Comixtime: “Taste JUSTICE, impostors!”
Well, I spent a while without doing these capsule reviews. But for a long time I was buying the same comics, with more or less the same rate of returns. But there’s enough variety in my comics this week to merit a new post.
J.H. Williams III (Co-writer/Artist), W. Haden Blackman (Co-writer), Dave Stewart (Colours), Todd Klein (Letters)
As this issue ends the first arc of Williams and Blackman’s relaunched Batwoman series, it’s as good a time to check back in as any. I’ve enjoyed the series; Williams is one of the best artists working in American superhero comics today, and his talent shines on every page. The writing is less great, but still serviceable. As a whole it’s a perfectly fine comic - which makes it stand out like gold dust against most of DC’s New 52 outpost.
I’ve had issues with the pacing, but Williams as the artist feels able to luxuriate in his process, as opposed to when writers like Morrison or Rucka cram as much story as possible into the few issues they have Williams for. But I like that hyper-compressed style, and the five issues of this series end in a glorified shuffling around of pieces. After a damp-squib showdown with the Weeping Woman, Batwoman and government agent Cameron Chase finally meet, setting up a new status quo for our hero and her supporting characters.
Williams’ art is predictably gorgeous, particularly the neat trick of adopting different styles for drawing Kate/Batwoman, Bette, Sawyer and Chase, which emphasises the feel of different storylines converging and colliding. And the panel borders featuring Batwoman facing off against the Weeping Woman, which change from jagged lines (Kate’s side) to fluid Art Nouveau-esque boundaries. But great art alone doesn’t make a comic a must-buy, particularly as Williams is taking a break from drawing the series after this issue. It’s good, y’know? I just wish it could be better.
Mudman #1 & #2
Paul Grist (Writer/Artist), Bill Crabtree (Colours)
Writer/artist Grist delivers an unashamedly British take on superheroes in the first two issues of this new series. It has a clean-cut “kids’ comics” sense of storytelling that manages to be more alive and enjoyable than the sex’n’gore “mature” cape books that make up a lot of current DC/Marvel output.
Grist’s deliberately basic art camouflages an excellent grasp of visual storytelling and panel composition. And the dialogue is very funny, whether doing a Grange Hill-style take on the schoolboy hero’s civilian life, or fleshing out two seemingly-disposable criminals in issue #2. It’s great fun, and I’m onboard for the duration.

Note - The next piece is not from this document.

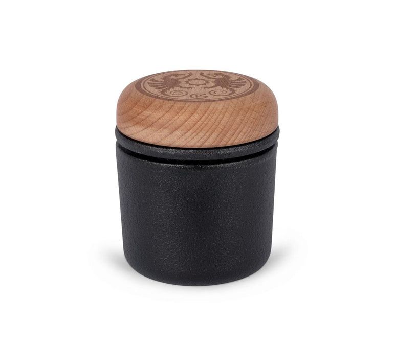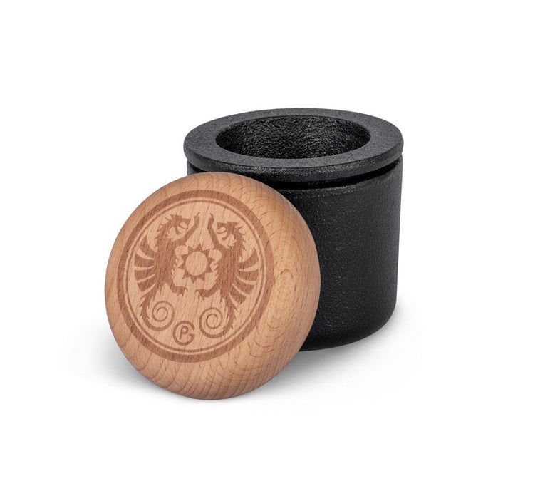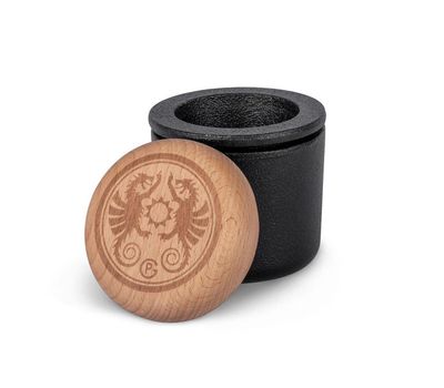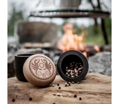 Чавунна ступка для прянощів від німецького бренду Petromax. Дозволяє подрібнювати прянощі, насіння й горіхи безпосередньо перед барбекю, отримуючи максимум аромату. А також зберігати їх у вбудованому герметичному контейнері з деревʼяною кришкою.

Lobster Johnson: The Burning Hand #1
Mike Mignola, John Arcudi (Co-writers), Tonci Zonjic (Artist), Dave Stewart (Colours), Clem Robins (Letters)
Publisher: Dark Horse
Hellboy and the surrounding universe is kind of a blind spot for me, mostly because the main series and its spin-offs present such a daunting amount of comics to get stuck into. I picked this up on a whim after hearing about the ridiculously talented Tonci Zonjic on art. I wasn’t disappointed. The story’s set in the 1930s/40s, which gives Zonjic a chance to cut loose with his wonderful clear-line cartooning, while incorporating vintage pulp-noir stylings; guys in fedoras, dames in cloche hats.
The story itself is neither here nor there - you get a breif glimpse of Lobster Johnson, the ostensible “hero” of the piece, but the His Girl Friday-style female journalist gets central billing in this first issue. There’s definite potential for a decent story here, but right now I’m buying it as an art showcase, and Zonjic is more than up to the task.
Ed Brubaker (Writer), Sean Phillips (Artist), Dave Stewart (Colours)
Brubaker and Phillips’ latest series is billed as a departure from the regular crime-fiction fare. Not so much, from the latest issue; it’s a very noirish story so far, with some occasional horror flourishes to let us know it’s not a Criminal story. This first issue suffers in comparison to the excellent “Last Of The Innocent" Criminal arc, which was one of the best stories Brubaker/Phillips have ever done.
This drop-off is mostly due to the fact that this issue is split between two stories, a present-day prologue featuring one of Brubaker’s archetypal noir heroes and the mysterious titular femme fatale Josephine, and a 1950s crime story with Josephine involved with a crusading journalist and a corrupt detective.
The creative team work predictably well in tandem, matching Brubaker’s moody noir narration with Phillips’ shadowy art. Phillips doesn’t vary his style as much as on ”Last Of The Innocent”, but he still stages some excellent talky scenes and action sequences, equally at ease with 2010s and 1950s America. This first issue may not have set my world on fire, but there’s potential here. And I trust Brubaker/Phillips enough to stick with this series.